Aller au contenu

Page:Weil - La Connaissance surnaturelle, 1950.djvu/83

La bibliothèque libre.
Le texte de cette page a été corrigé et est conforme au fac-similé.

Ils ont la même limite, l’abdication constituée par l’acte créateur de Dieu.

Nous effaçons cette limite en abdiquant à notre tour notre existence de créatures.

« Vous rendre tout le sang que vous m’avez donné. »


On ne peut pas tuer un homme à moins de nécessité absolue quand on a compris que tout homme enferme la possibilité d’une chose aussi sublime. Quand on a fait couler son sang, lui ne peut plus le rendre.

Dieu seul sait si la possibilité se prolonge après la mort. Il a voulu que nous l’ignorions.


Le malheureux agenouillé qui implore la vie dit, sans s’en rendre compte lui-même : Laisse-moi encore le temps de devenir parfait. Ne me supprime pas ayant eu si peu de part au bien.

Comment celui qui aime Dieu n’entendrait-il pas une telle supplication ?

Dieu seul sait ce qui se passe si le malheureux n’est pas entendu, s’il est tué.

La révélation à Noé : « Tout ce qui répand le sang de l’homme devra en rendre compte. »

Fragment de la sagesse préhistorique. Il doit y avoir là un abîme de signification insondablement profonde. Mais quelle signification ? À méditer.

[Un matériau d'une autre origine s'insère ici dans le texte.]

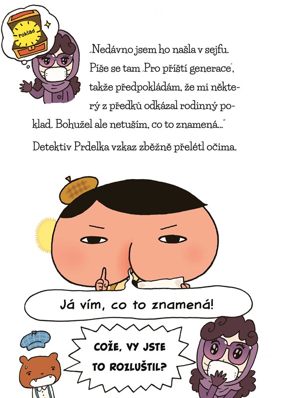 Ahoj! Těší mě, jsem detektiv Prdelka. Ač na to možná nevypadám, ve svém oboru jsem docela hvězda a v ničem si nezadám se svými slavnějšími kolegy Herculem Poirotem nebo Sherlockem Holmesem. Na rozdíl od nich jsem však také zapáleným učitelem, a tak ode mě při řešení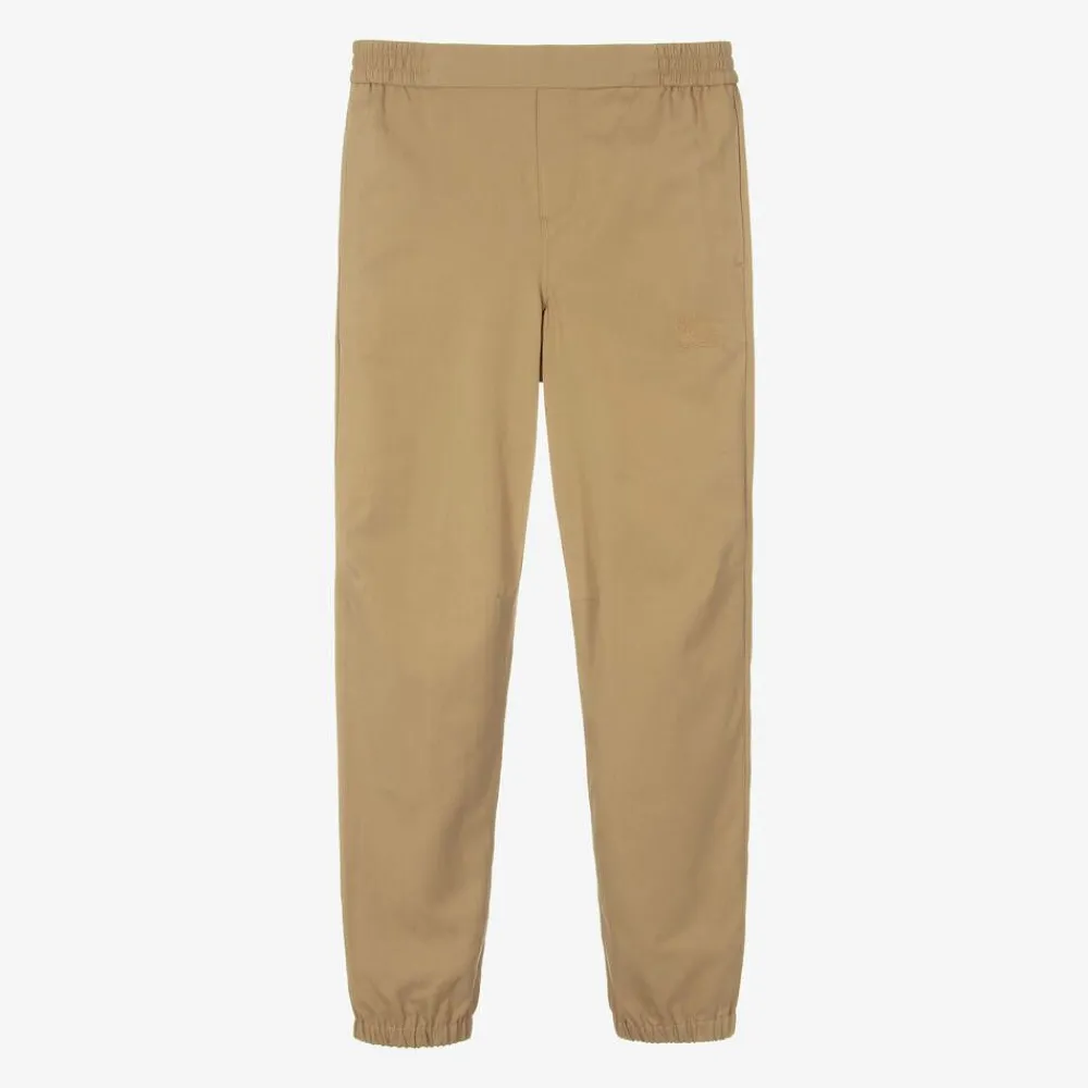 Comfortable for a casual, stylish look, these beige cuffed trousers for boys are from luxury British brand, Burberry. Made in cotton-blend twill with a soft and lightweight feel, they have an elasticated waistband and useful pockets. The Equestrian Knight Device is embroidered in tonal thread for a discreet designer touch.

L’impossibiilté dans le raisonnement mathématique (démonstration par l’absurde, à quoi les autres se ramènent), le jamais dans la vie morale transportent du temps dans l’éternité.

La négation est le passage dans l’éternel.

« Je ne ferai jamais cela. » Ces quelques mots, qu’on prononce en quelques secondes, enferment une durée perpétuelle.

Jamais a cette propriété, non pas toujours. « Je ferai toujours cela » n’a en fait aucun sens.

C’est pourquoi la confession justificative du Livre des Morts égyptien est négative.